El escita Babuc–vid. “El mundo tal como va”, 1748, Voltaire– tras recibir la visita de Ituriel, deidad “considerada como una de las de rango más elevado”, se puso en camino rumbo a Persépolis para cumplir con el encargo del genio: “Vete rápidamente a esa ciudad, examínalo todo; cuando vuelvas, me darás cuenta exacta de todo. Entonces decidiré, según sea tu informe, lo que he de hacer para enmendar la población, o bien destruiré la ciudad”.
Algunos días después de su partida, el enviado se encontró, en las llanuras de Senaar, con un soldado del ejército persa, “que iba a combatir contra el ejército indio (…) y le preguntó el motivo de la guerra. –Por todos los dioses –dijo el soldado– que no sé nada de ello. No es asunto mío; mi oficio consiste en matar o dejarme matar para ganarme la vida; es indiferente que lo haga a favor de los unos o de los otros.

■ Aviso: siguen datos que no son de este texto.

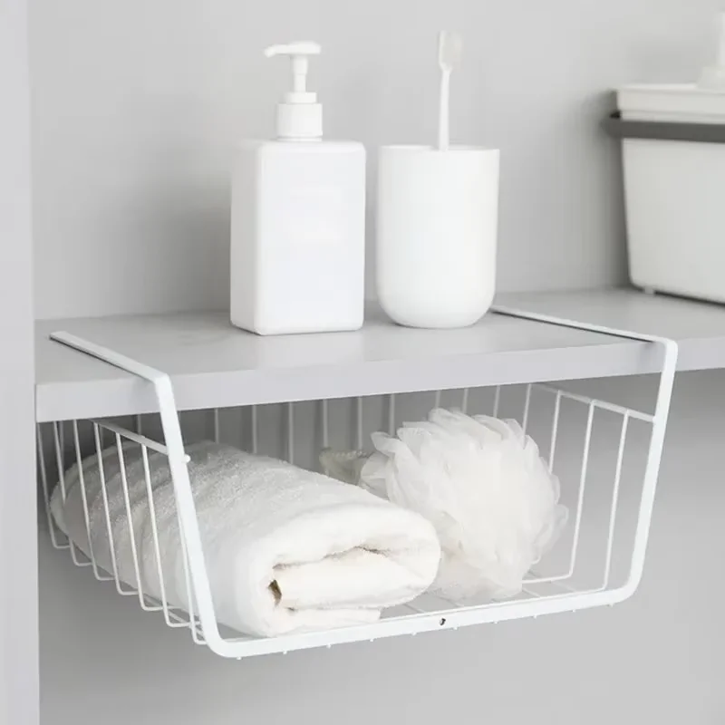 This multi-functional iron bottom hanging basket is designed for versatile storage in your kitchen or bathroom. It helps keep your space organized by providing a convenient way to store small items.

Podría muy bien ser que mañana me pasase al campo de los indios, pues me han dicho que dan más de media dracma de jornal a sus soldados…”.
Como comprenderéis os invito a seguir leyendo el resto de la historia –y, naturalmente, su final– en una de las innumerables ediciones de este libro de François-Marie Arouet, no sólo por no descubriros el cómo y el por qué del conjunto de datos que el protagonista, tras sus vivencias en la ciudad que mandara construir Dario I el Grande (521 a. C.) y que destruyera parcialmente Alejandro Magno (331 a. C.), elevó a la deidad, pues mi intención reflexiva, para propios y extraños, va más allá de descubrir la sorprendente conclusión de este o cualquier otro “cuento sociopolítico”: ahora, más que nunca, propongo que la dignidad presida todas nuestras actuaciones. Que, para siempre, nos olvidemos de fachendear –“Hacer ostentación vanidosa o jactanciosa”–, de papelonear –“Ostentar vanamente autoridad o valimiento”–. Los tiempos que se anuncian, os lo aseguro, no van a permitir, entre otros ribetes, mentiras piadosas.